From the line containing "11月11日下午,中国纺织工" through the last line of the data, both ends included, write out every line exactly; omit the pictures.

Records for the task Block Start

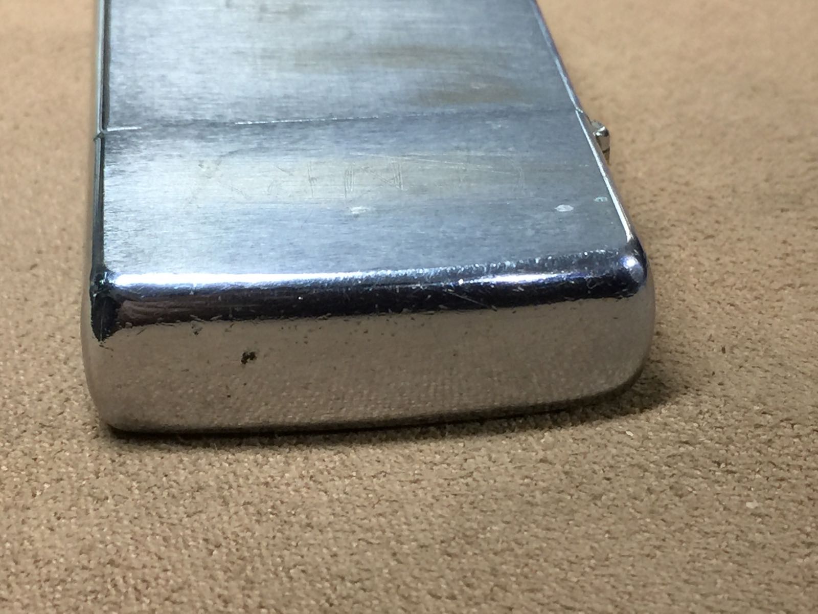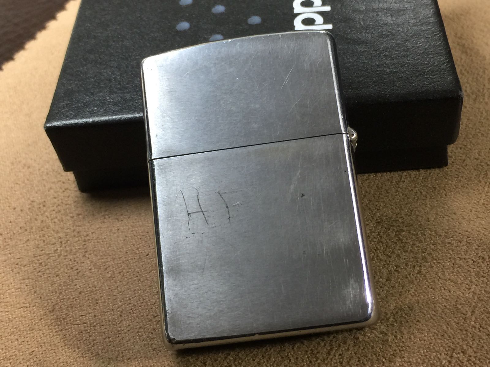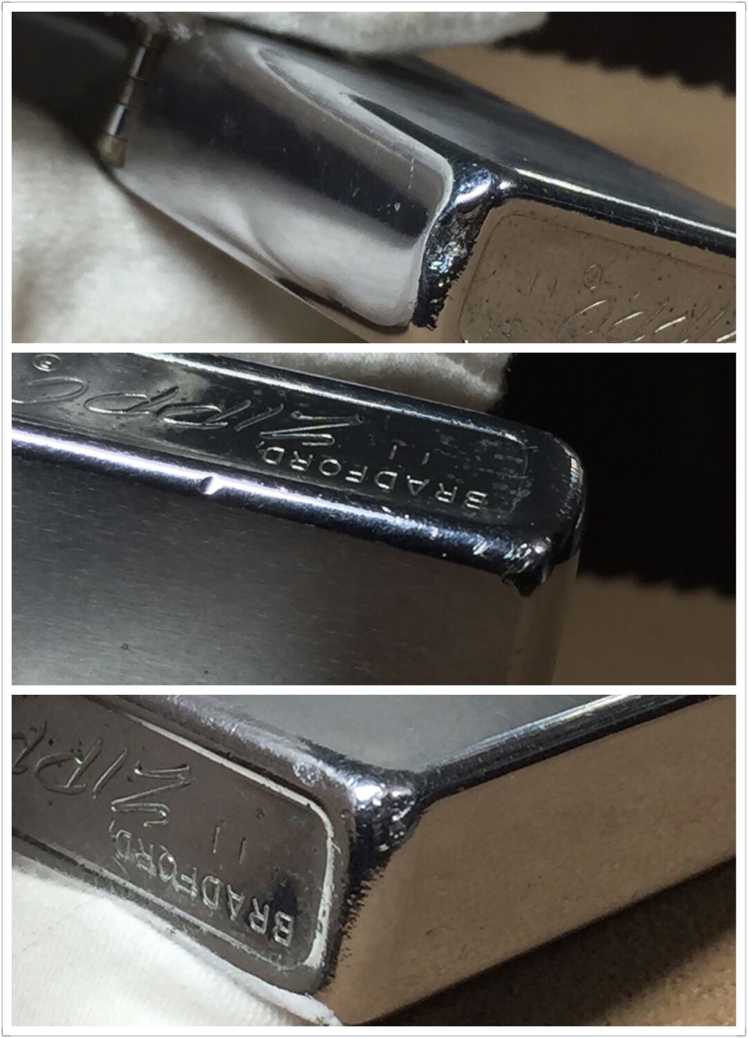 【具体描述】二手1970年拉丝光板 反底刻。机身正常使用擦丝划痕污渍,镀层局部磨损,正反面有浅刻字,边角麻点 磕碰较多,定义差品。铰链正常,原配内胆打火一般 摆锤少许磨损,无包装。
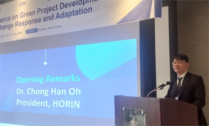'2025 기후변화 대응 및 적응을 위한 녹색 사업 개발 국제 콘퍼런스' 공동 주최자인 ㈜호린 오정한 대표가 개회사를 하고 있다. 연합뉴스
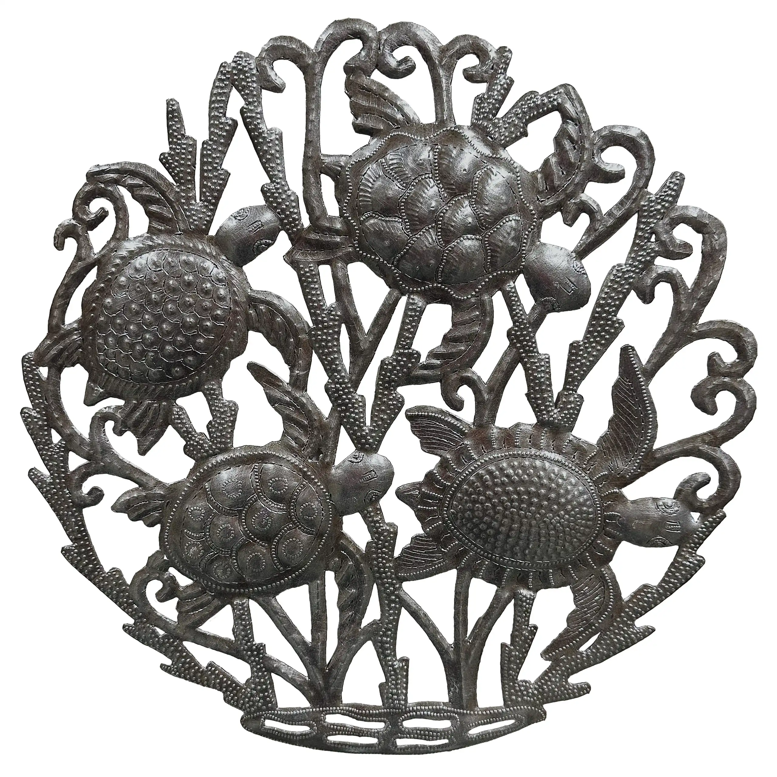 The 23" Turtles is hand-chiseled out of recycled steel oil drums by Haitian artisans.
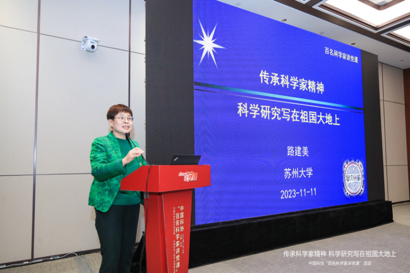 11月11日下午,中国纺织工程学会理事会党委主办的中国科协“百名科学家讲党课”活动举行,苏州大学博士生导师、苏州市科协主席、俄罗斯工程院外籍院士路建美教授应邀做了题为“传承科学家精神 科学研究写在祖国大地上”的主题党课报告。
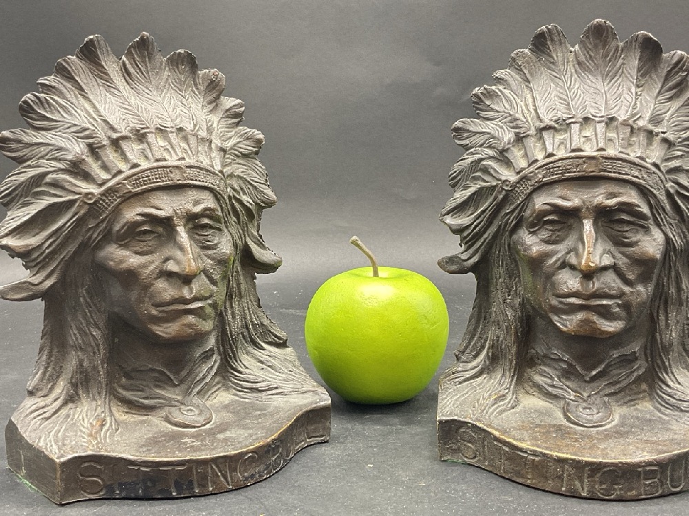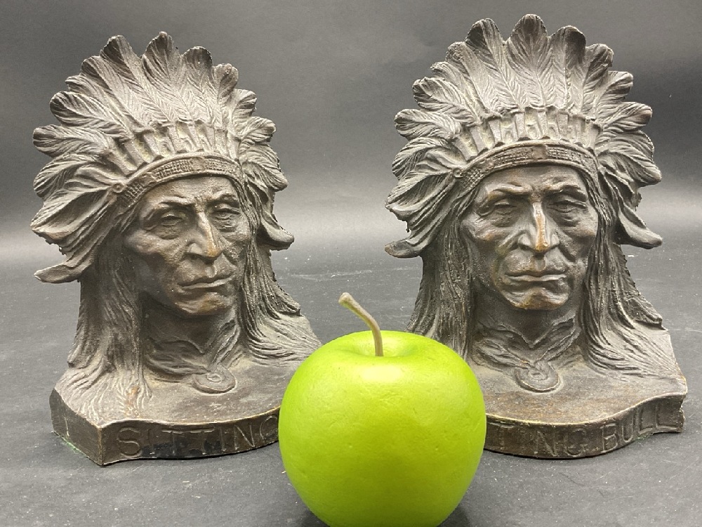 Sitting Bull Bronze American Indian Chief Bookends.
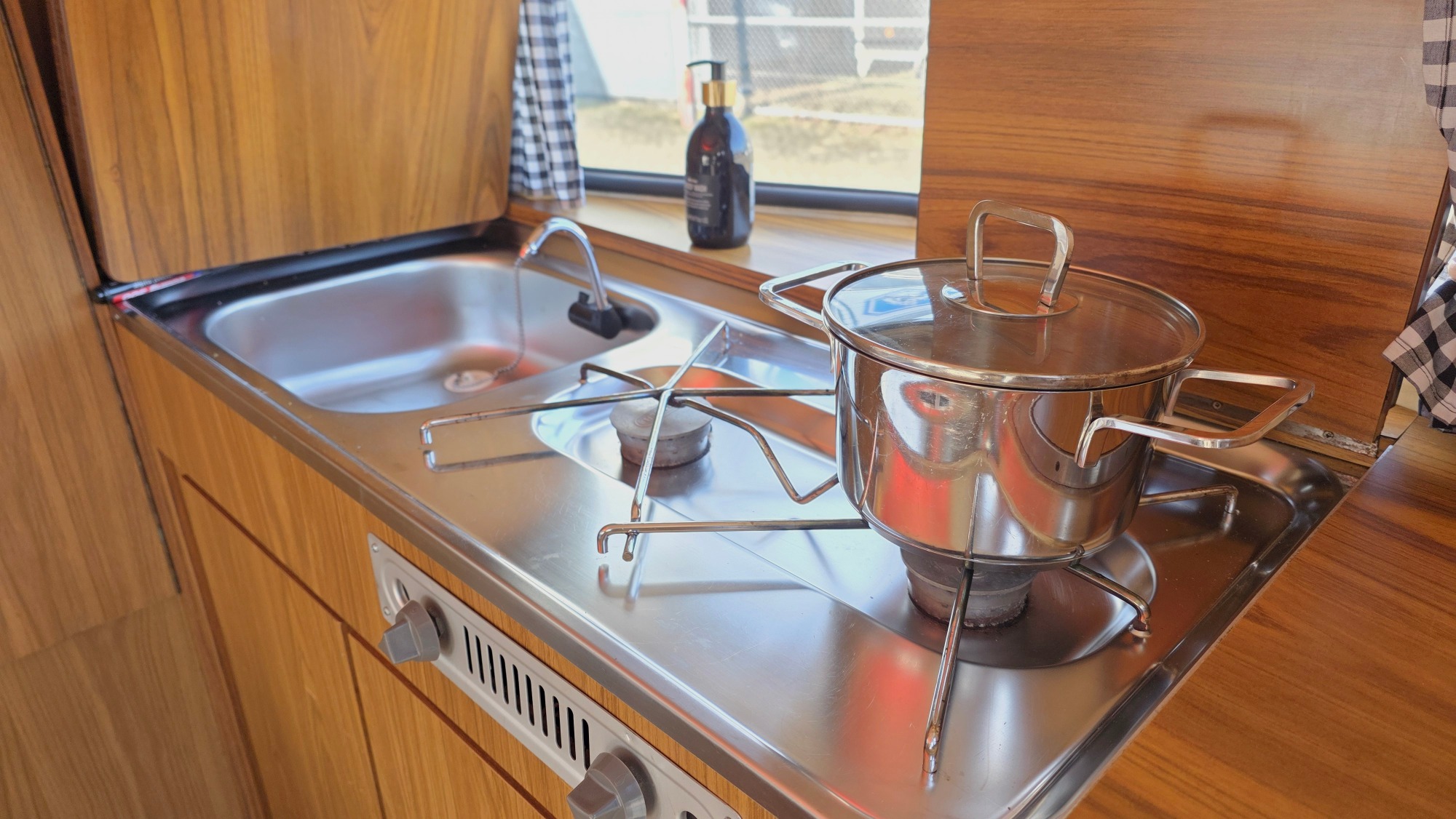 – Kopkeuken met 2‑pits gastoestel en wasbak

Records for the task Block End

» **Task answer**:
 11月11日下午,中国纺织工程学会理事会党委主办的中国科协“百名科学家讲党课”活动举行,苏州大学博士生导师、苏州市科协主席、俄罗斯工程院外籍院士路建美教授应邀做了题为“传承科学家精神 科学研究写在祖国大地上”的主题党课报告。
 Sitting Bull Bronze American Indian Chief Bookends.
 – Kopkeuken met 2‑pits gastoestel en wasbak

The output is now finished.